Despite its extensive, scientifically validated benefits, sports scientists and physiotherapists are careful to define the specific limitations of the Pilates method. Pilates is not a replacement for dedicated cardiovascular conditioning, nor is it a substitute for heavy, progressive resistance training aimed at maximal muscle hypertrophy or absolute strength. Furthermore, health authorities caution that the moving parts, straps, and spring tension of the reformer carry a risk of strain or joint injury if used without proper, certified supervision, particularly for individuals dealing with severe osteoporosis or acute joint instability.[3][5]
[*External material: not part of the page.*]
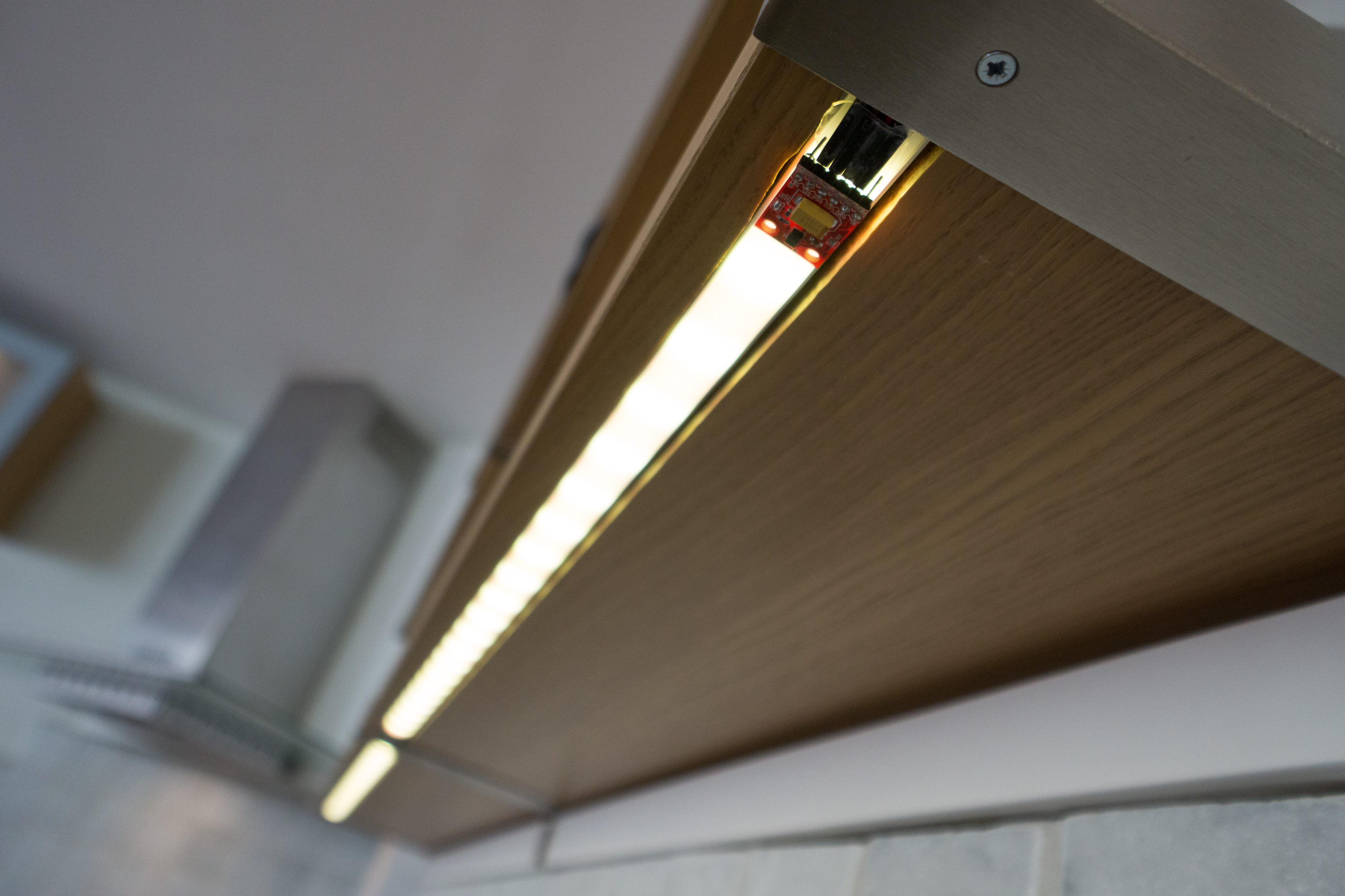 Dimmable LED kitchen light using Arduino, the APDS-9960 gesture sensor and a 12V RGBWW led strip.

Ultimately, the modern scientific consensus serves to validate exactly what Joseph Pilates claimed over a century ago: physical fitness is the first requisite of happiness, and it begins fundamentally with a strong, supple spine. Whether practiced on a simple foam mat in a living room or on a complex, spring-loaded carriage in a boutique studio, the method's true innovation lies in its strict demand for mindful, precise movement. It is a profound neurological and muscular re-education that builds resilient strength from the inside out, proving that the mind and body are inextricably linked.[4][6]
How we got here
1920s
Joseph Pilates develops the method, initially using rigged hospital beds to rehabilitate bedridden inmates.
1990s-2000s
Pilates gains mainstream popularity as a boutique fitness trend favored by dancers and celebrities.
2010s
Rehabilitative ultrasound imaging (RUSI) allows researchers to observe deep core muscle activation in real-time.
2023-2025
Major systematic reviews and clinical trials confirm the method's ability to physically alter muscle thickness and neurological contraction timing.
Viewpoints in depth
Clinical Rehabilitators
Focuses on the method's ability to repair the mind-muscle connection and treat chronic pain.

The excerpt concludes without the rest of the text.